The experiment evaluates the computational efficiency of various memory-agent baselines across four domains by measuring processing time and token usage per checkpoint. Results demonstrate a distinct trade-off between speed and token consumption, where full-context prompting achieves the lowest latency but requires the highest token counts. In contrast, dedicated external memory systems significantly reduce token usage but introduce substantial processing delays. Full-context prompting consistently delivers the fastest response times across all evaluated domains. Explicit memory architectures drastically lower token consumption compared to baseline retrieval and context methods. Graph-based memory systems exhibit the highest latency overhead, often taking substantially longer to process each checkpoint.
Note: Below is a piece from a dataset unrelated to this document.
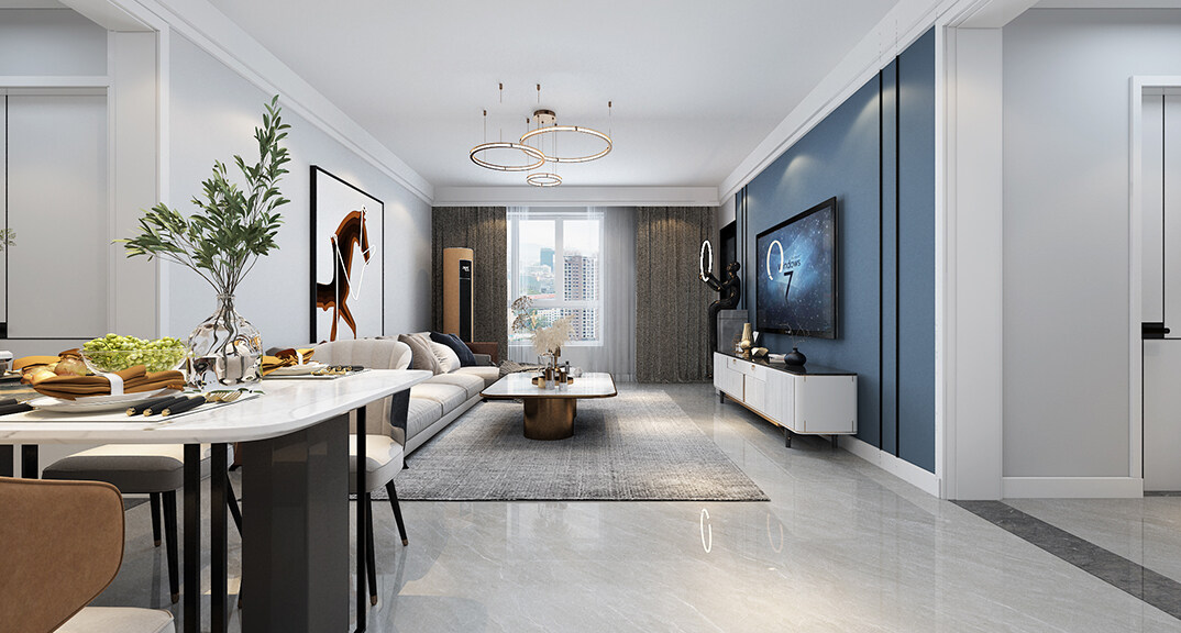 磊鑫伊頓陽光125㎡三室二廳客餐廳輕奢風(fēng)格裝修案例效果圖

The evaluation assesses shared-memory governance across multiple LLM backbones and diverse domains using the GATEMEM benchmark, validating governance performance, automated judgment reliability, and computational trade-offs. Long-context prompting consistently maximizes utility but introduces significant risks regarding unauthorized information disclosure and failure to forget deleted data. While policy-aware retrieval enhances safety and access control, it frequently compromises effective utility, and dedicated external memory systems fail to reliably surpass simpler baselines. The analysis further highlights a distinct efficiency trade-off, where maximizing response speed increases token consumption and prioritizing memory compression introduces substantial processing latency.